Richard Møller Nielsen (19 August 1937 – 13 February 2014) was a Danish football player and manager. He coached the Denmark national football team that won the UEFA Euro 1992 tournament. In 1995, he was awarded a gold version of the Medal of Merit. He was the father of Tommy Møller Nielsen.

Career
Nielsen was mostly known for his career as a football coach, but he played for Odense BK, and was capped twice for Denmark as a defender. An injury ended his career.

Nielsen coached, among others, Esbjerg fB, Odense BK and the Danish national youth team under head coach Sepp Piontek. In 1990 Piontek left his position as national coach, and replacement was required.  Nielsen was mentioned early in the race for the job, but the Danish Football Association decided to look abroad for a new coach. They selected German Horst Wohlers as the new Danish coach, but he was unable to cancel his contract with German club Bayer Uerdingen, so Nielsen was appointed.

European Champions
The first aim for Nielsen was to qualify for the Euro 1992 in Sweden. Denmark started out with a secure home victory against the Faroe Islands, followed by an away draw against Northern Ireland and a 2–0 home loss against Yugoslavia. Several players left the squad including Michael Laudrup, Brian Laudrup and Jan Heintze, and several newspapers were demanding that Richard Møller Nielsen step down. Despite the criticism, the team won the rest of their games in the group, including a 2–1 away win against Yugoslavia. It was, however, not enough to qualify. The Danish team finished second in the group just behind Yugoslavia.

However, UEFA banned Yugoslavia from participating in the championship as a result of the Yugoslav wars, and Denmark was chosen as the replacement because of the team had finished behind Yugoslavia in the qualification group.  The Danish team started out with a 0–0 against England and a defeat against hosts Sweden. A 2–1 win against France ensured Denmark a place in the semifinals. The defending European champions, The Netherlands, were the next opponent.  The match finished 2–2 in regular  time and with a 5–4 win in the penalty shoot-out, Denmark secured a place in the final against reigning world champions Germany. Denmark won the final 2–0, becoming the highlight of Nielsen's coaching career; he went on to win the "World Manager of the Year" awarded by World Soccer.

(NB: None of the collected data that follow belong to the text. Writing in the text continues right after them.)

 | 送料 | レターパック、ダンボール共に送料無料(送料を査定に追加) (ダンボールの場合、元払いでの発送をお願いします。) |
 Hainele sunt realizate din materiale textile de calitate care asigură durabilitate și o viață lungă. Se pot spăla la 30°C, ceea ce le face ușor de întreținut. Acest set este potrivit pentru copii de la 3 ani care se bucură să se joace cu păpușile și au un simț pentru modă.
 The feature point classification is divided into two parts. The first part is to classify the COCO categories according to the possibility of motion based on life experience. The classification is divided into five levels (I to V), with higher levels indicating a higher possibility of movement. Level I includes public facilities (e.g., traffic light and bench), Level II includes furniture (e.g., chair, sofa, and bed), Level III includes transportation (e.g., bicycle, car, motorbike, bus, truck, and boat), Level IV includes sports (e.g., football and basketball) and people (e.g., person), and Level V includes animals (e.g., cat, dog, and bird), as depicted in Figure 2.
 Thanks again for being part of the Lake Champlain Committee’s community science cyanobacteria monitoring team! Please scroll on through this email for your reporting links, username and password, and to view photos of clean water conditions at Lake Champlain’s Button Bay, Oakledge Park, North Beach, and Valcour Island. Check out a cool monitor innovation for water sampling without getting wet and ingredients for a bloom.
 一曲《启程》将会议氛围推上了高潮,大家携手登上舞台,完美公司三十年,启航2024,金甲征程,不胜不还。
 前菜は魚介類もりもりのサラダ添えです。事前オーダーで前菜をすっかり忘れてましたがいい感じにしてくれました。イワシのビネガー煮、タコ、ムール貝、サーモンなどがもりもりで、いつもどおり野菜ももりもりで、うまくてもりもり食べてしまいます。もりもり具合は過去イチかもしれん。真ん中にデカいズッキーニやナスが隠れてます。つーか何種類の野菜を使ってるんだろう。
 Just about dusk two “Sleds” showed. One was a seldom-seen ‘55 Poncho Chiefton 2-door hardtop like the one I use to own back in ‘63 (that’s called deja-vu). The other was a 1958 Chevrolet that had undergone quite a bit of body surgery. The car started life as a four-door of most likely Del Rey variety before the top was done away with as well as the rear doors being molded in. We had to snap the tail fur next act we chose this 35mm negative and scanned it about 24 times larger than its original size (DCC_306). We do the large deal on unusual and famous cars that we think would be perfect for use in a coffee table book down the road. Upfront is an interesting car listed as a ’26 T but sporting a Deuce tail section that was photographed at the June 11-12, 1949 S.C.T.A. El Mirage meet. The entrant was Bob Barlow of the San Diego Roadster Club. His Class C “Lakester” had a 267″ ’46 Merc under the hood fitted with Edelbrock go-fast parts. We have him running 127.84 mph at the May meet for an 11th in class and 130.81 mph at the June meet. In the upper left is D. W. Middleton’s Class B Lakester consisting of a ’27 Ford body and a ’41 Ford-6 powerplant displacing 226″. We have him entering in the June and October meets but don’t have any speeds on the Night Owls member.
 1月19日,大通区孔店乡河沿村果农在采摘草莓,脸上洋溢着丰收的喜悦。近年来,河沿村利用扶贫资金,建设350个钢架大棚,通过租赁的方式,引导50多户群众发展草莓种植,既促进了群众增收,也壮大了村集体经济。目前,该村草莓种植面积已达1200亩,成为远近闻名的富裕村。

Confederations Cup winners

Denmark started the World Cup qualification for the 1994 FIFA World Cup with three 0–0 draws, before winning 1–0 against Northern Ireland in Belfast. On the 25 August 1993, Michael Laudrup made a comeback in a 4–0 victory home against Lithuania after having reconciled with Nielsen. The comeback of Denmark's most renowned player at the time was not enough to secure a qualification.  Laudrup never achieved the same success under Nielsen as he had enjoyed during the 1980s with Piontek as coach and Preben Elkjær next to him in the attack. The last game of the qualification was away against Spain in Seville, and the home team won 1–0, even though the Danes had been playing 11 against 10 for most of the game.

Nielsen could, however, again secure a trophy for Denmark when they participated in the Confederations Cup in 1995. This time the Danish team beat Argentina 2–0 in the final.  Nielsen had several players from the national Danish league in his squad, with players like Peter Schmeichel missing due to obligations with Manchester United.

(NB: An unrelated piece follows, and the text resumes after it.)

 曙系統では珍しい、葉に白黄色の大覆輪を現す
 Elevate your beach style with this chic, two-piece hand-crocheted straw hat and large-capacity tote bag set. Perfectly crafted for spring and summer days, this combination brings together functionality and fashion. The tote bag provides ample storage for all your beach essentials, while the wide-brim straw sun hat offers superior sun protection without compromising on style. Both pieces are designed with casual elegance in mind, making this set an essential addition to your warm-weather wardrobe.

The Danish team qualified for the Euro 1996 tournament in England, but the team failed to retain the title. Denmark was knocked out in the group stage, where the team finished third behind Croatia and Portugal. The team drew with Portugal, lost to Croatia and won against Turkey in the last game.  Nielsen left his position after the championship but is still considered the most successful coach of Denmark.

Finland and Israel

Nielsen went on to coach the Finland national football team and came close at securing a play-off game for the 1998 World Cup in France.  The Finnish team also failed to qualify for the Euro 2000 in Belgium and The Netherlands.

In 2000, Nielsen took over as coach of the Israeli national team, but Israel did not succeed in securing a place at the 2002 World Cup. It was Nielsen's last international job.  He went on to manage the Danish second division team Kolding FC before retiring in October 2003.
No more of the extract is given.